Sunday has always been one of my favourite days. I like Fridays, and Wednesdays, for their own reasons. Sunday is the day I always expect to have something a little bit special for breakfast, in my pyjamas, after a substantial period of groggy laying-about-in-bed time with the sun streaming in through the crack in the curtains prodding me out of bed...
So when I woke today, under usual Sunday circumstances I realized today was a day I was destined to spend alone, happily... I enjoy my own company once in awhile and today was going to be a relaxed day. This morning there was an autumn chill in the air, and the sky was blue, but had those cool grey undertones that tell you it's not summer anymore.

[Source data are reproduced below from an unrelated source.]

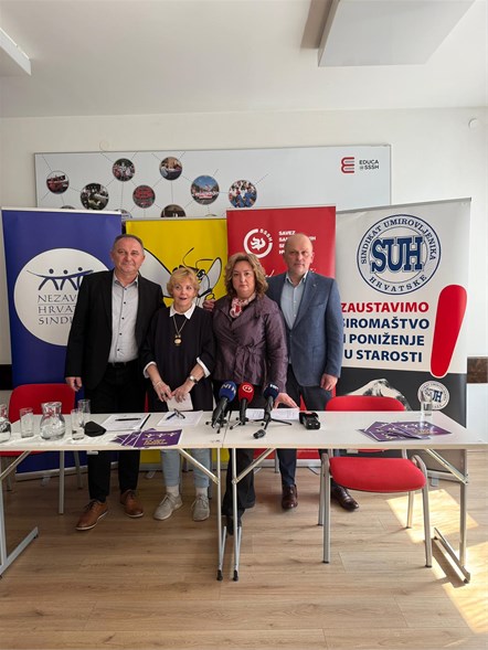 ZAGREB, 3. ožujka 2026. - Tri sindikalne središnjice: Savez samostalnih sindikata Hrvatske (SSSH), Nezavisni hrvatski sindikati (NHS) i Matica hrvatskih sindikata (MHS), te Sindikat umirovljenika Hrvatske (SUH) održali su konferenciju za novinare kojom pozivaju radnike, umirovljenike, studente, kao i sve ostale građane Hrvatske da se priključe prosvjedu „Hrvatska zajedno za veće plaće i mirovine“ koji će se, u njihovoj organizaciji, održati u Zagrebu, na Trgu bana Josipa Jelačića, 18. travnja 2026. godine u 12.00 sati.
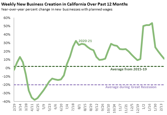The next graph below shows the four-week average growth rate in 2020-21 relative to the same week in 2019-20. Growth in new business creation has been heightened since last July. While the massive surge in new business creation we saw in January has not been sustained, activity in February continued to outpace 2020.
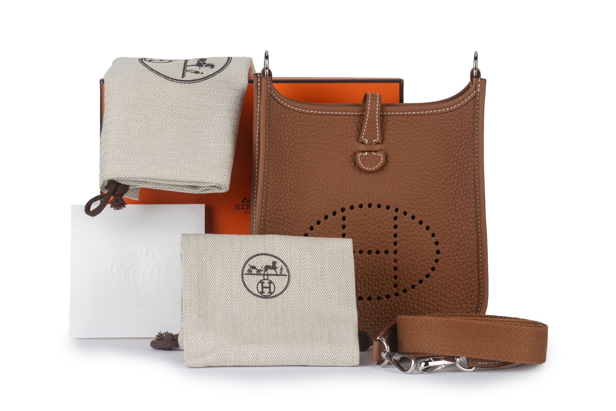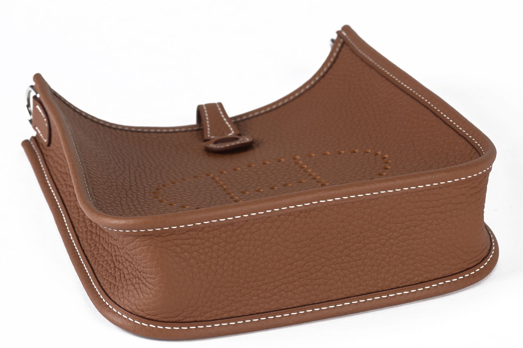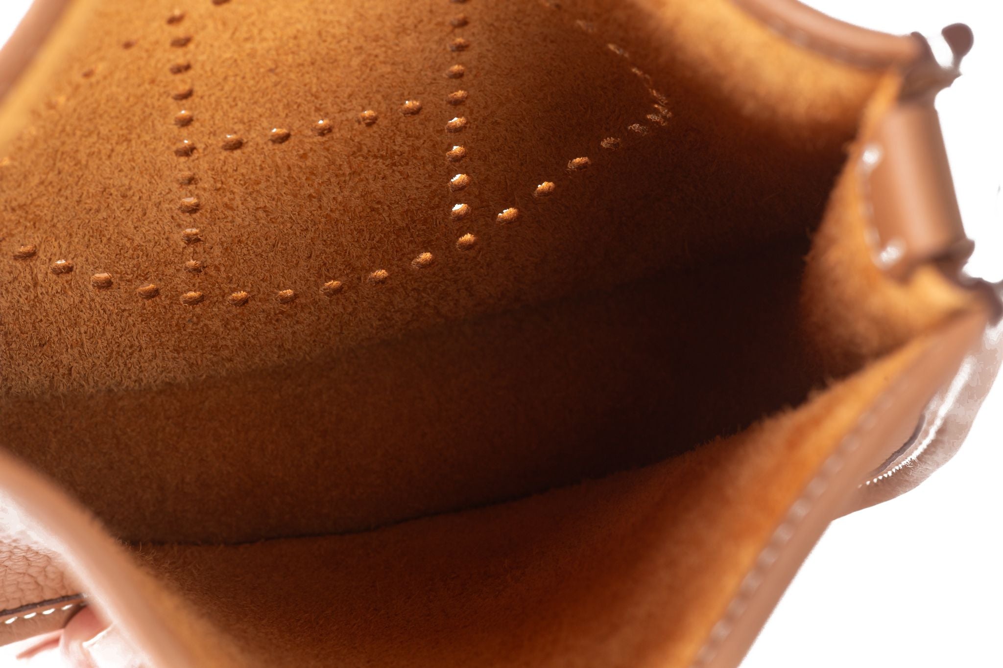 This Hermès Mini Evelyne Bag in camel brown leather features perforated logo detail, an adjustable shoulder strap, snap fastening, main compartment. Comes with booklet, original dust cover and box. Letter W for 2025.
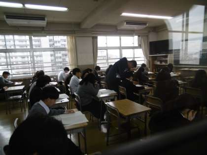 今日の大阪府チャレンジテスト実施に向けて、一昨日教員で打ち合わせを行いました。また、生徒が持っている力を遺憾なく発揮できるように、教室環境整備等の準備を昨日、全員で行いました。大阪府チャレンジテストの結果は、後日生徒一人ひとりに個人票で提供されます。
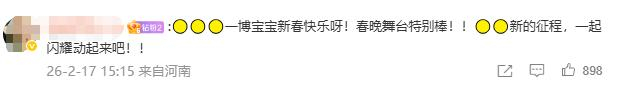有网友留言称,王一博昨晚(2月16日)刚在2026春晚舞台上唱跳,今天就在攀岩拜年,可谓是“马力十足”。
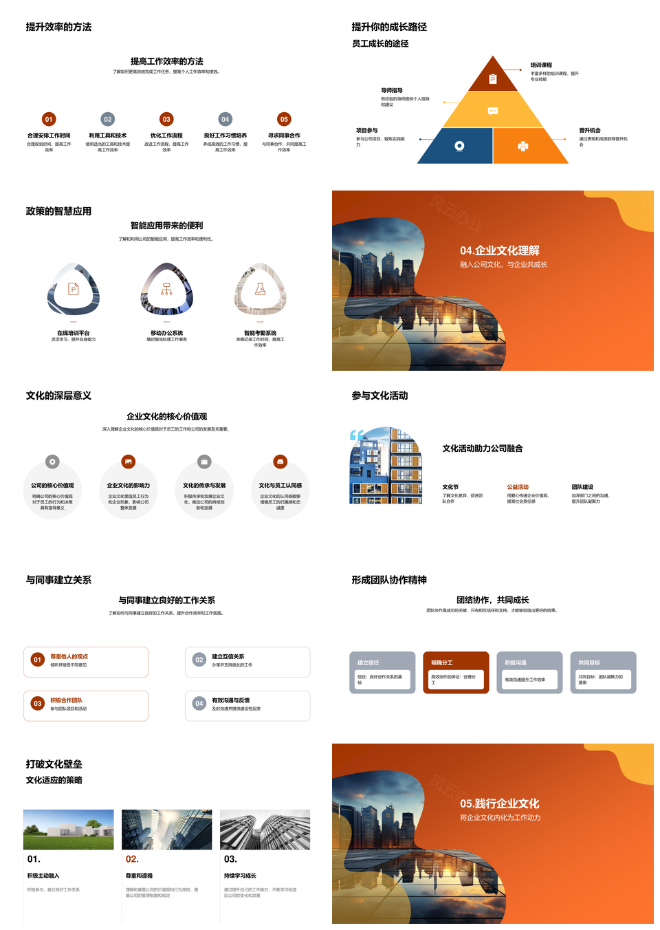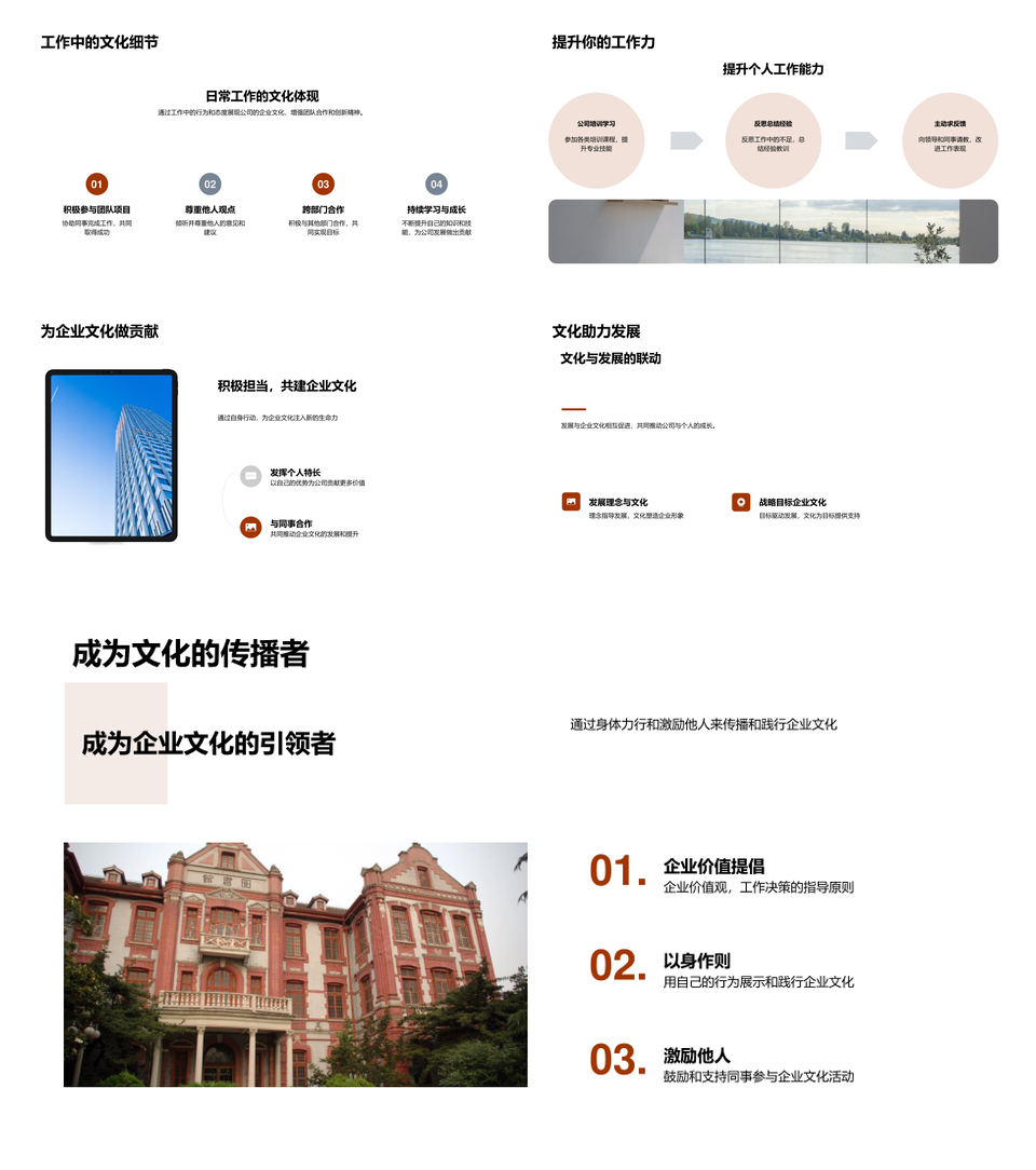 企业文化发展中的价值观实践与新员工培训历史成就企业大楼PPT模板

Started out by hopping on the bus after a very lengthy wait, wondering where everyone else is going and getting lost in some sort of reverie and almost missing my stop. Going to the grocery store, perusing the aisles slowly, and carefully. I love grocery shopping. So many possibilities, just waiting to rise into some delicious concoction. I was freezing when I got there, so I treated myself to a hot chocolate and a cinnamon roll, and started on my mission. I love food in the fall. Summer food is delicious too, everything is so fresh and cool. But now, it's time for food to fill my belly with comfort and spice. So, a spaghetti sauce? Made from fresh tomatoes and herbs? Perhaps. Let's keep going.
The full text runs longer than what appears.